If the 'honest services' theory—broadly stated, that officeholders and employees owe a duty to act only in the best interests of their constituents and employers—is taken seriously and carried to its logical conclusion, presumably the statute also renders criminal a state legislator’s decision to vote for a bill because he expects it will curry favor with a small minority essential to his reelection; a mayor’s attempt to use the prestige of his office to obtain a restaurant table without a reservation; a public employee’s recommendation of his incompetent friend for a public contract; and any self-dealing by a corporate officer. Indeed, it would seemingly cover a salaried employee’s phoning in sick to go to a ball game.

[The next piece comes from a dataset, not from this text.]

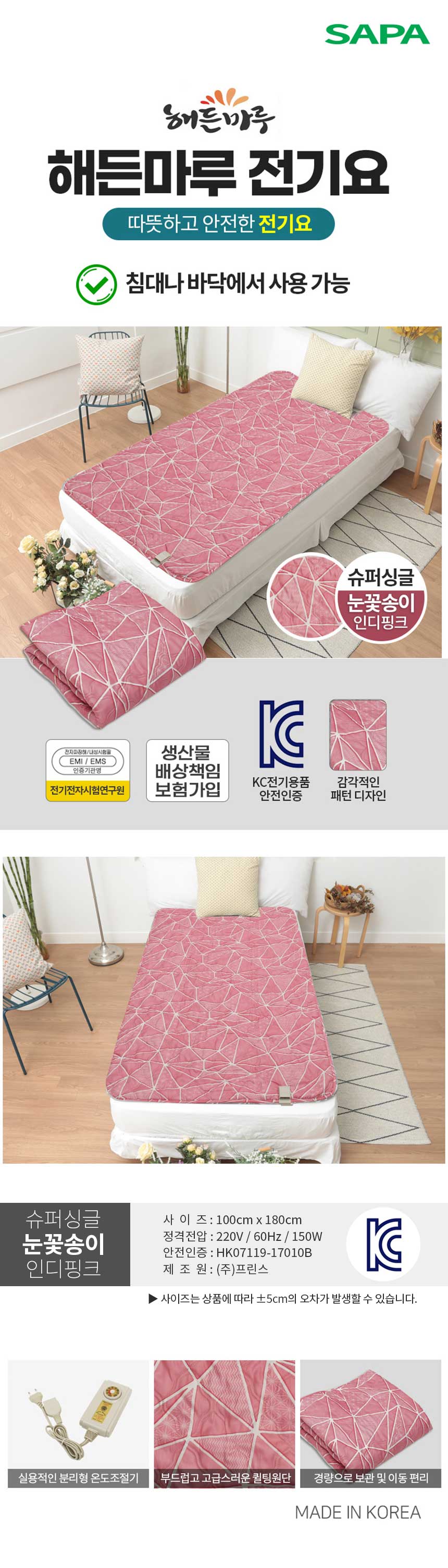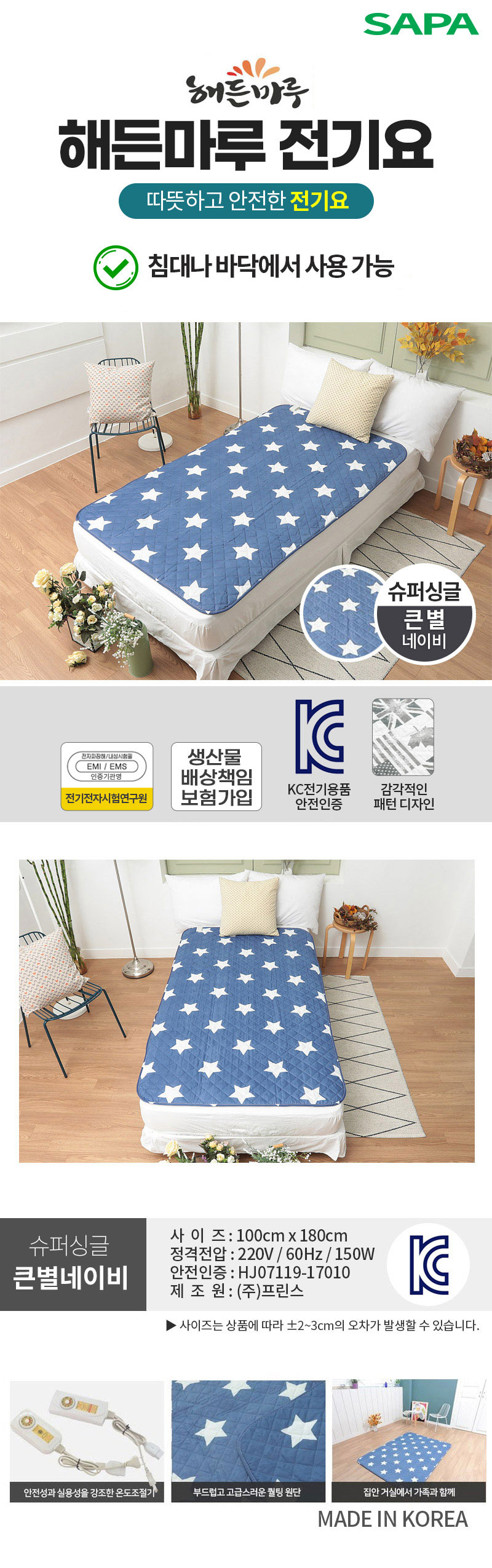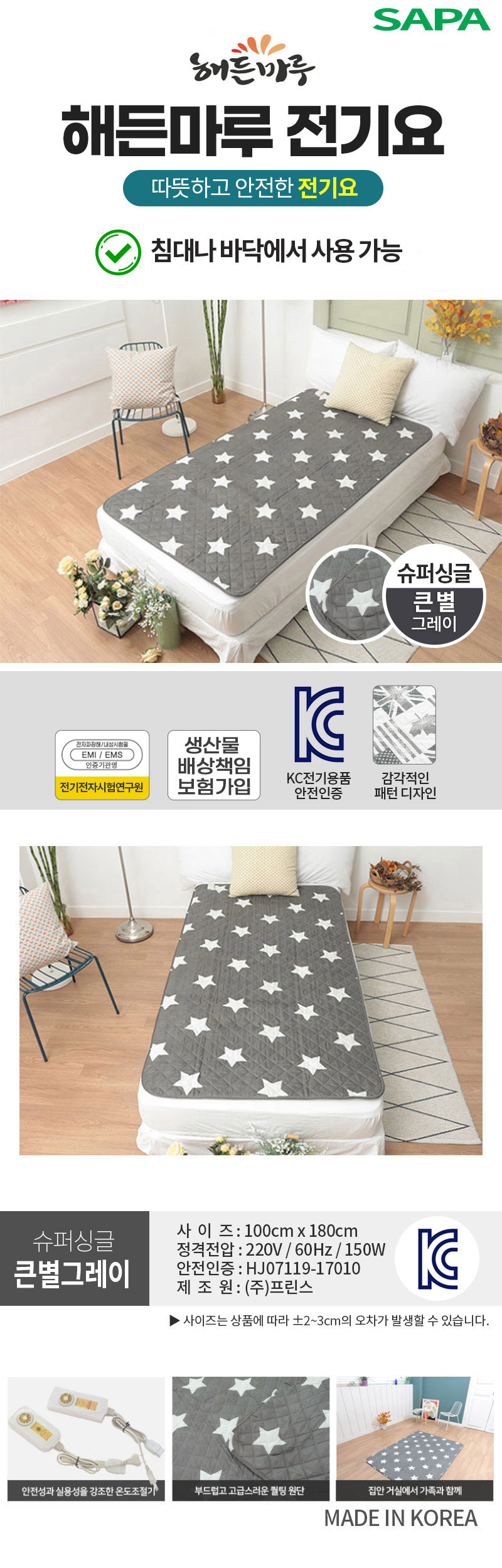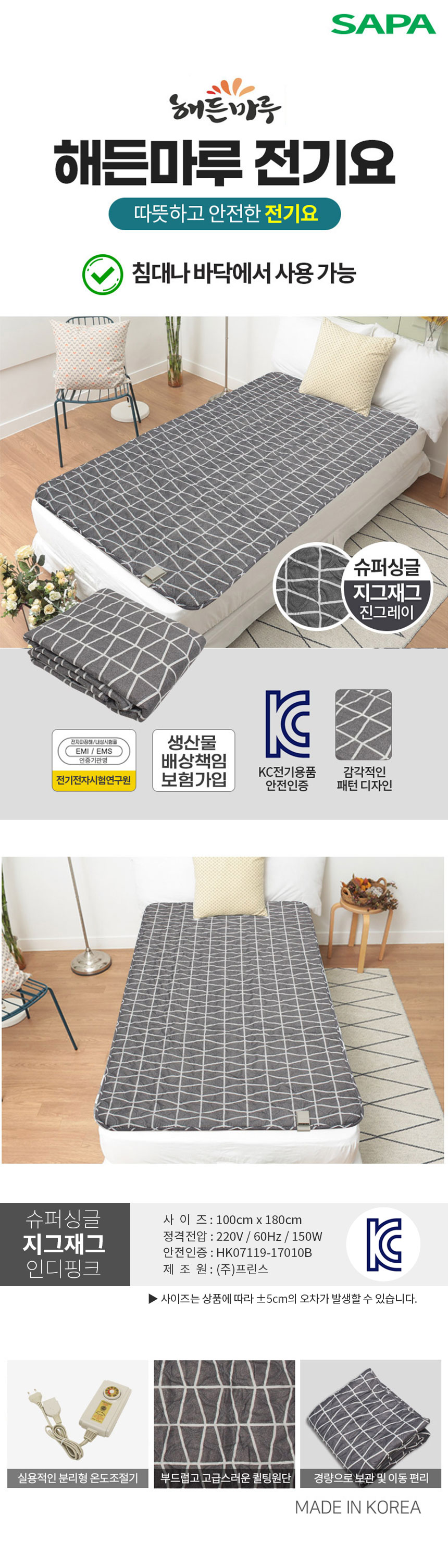 해든마루 전기요 슈퍼싱글 1인용 선택형 워셔블 매트

Scalia was the only one to dissent, and the rest of the Court did not comment on why certiorari was not granted.

Last month the Illinois State Senate removed [JURIST report] then-governor Rod Blagojevich [JURIST news archive] from office for allegedly trying to sell the US Senate seat vacated by President Barack Obama. Blagojevich and his chief of staff John Harris were arrested [JURIST report] in December on the same charges. Last year, former Illinois Governor George Ryan [JURIST news archive] began serving a six-and-a-half-year sentence [JURIST report] after being convicted of corruption and fraud in connection with a bribes-for-licenses scandal.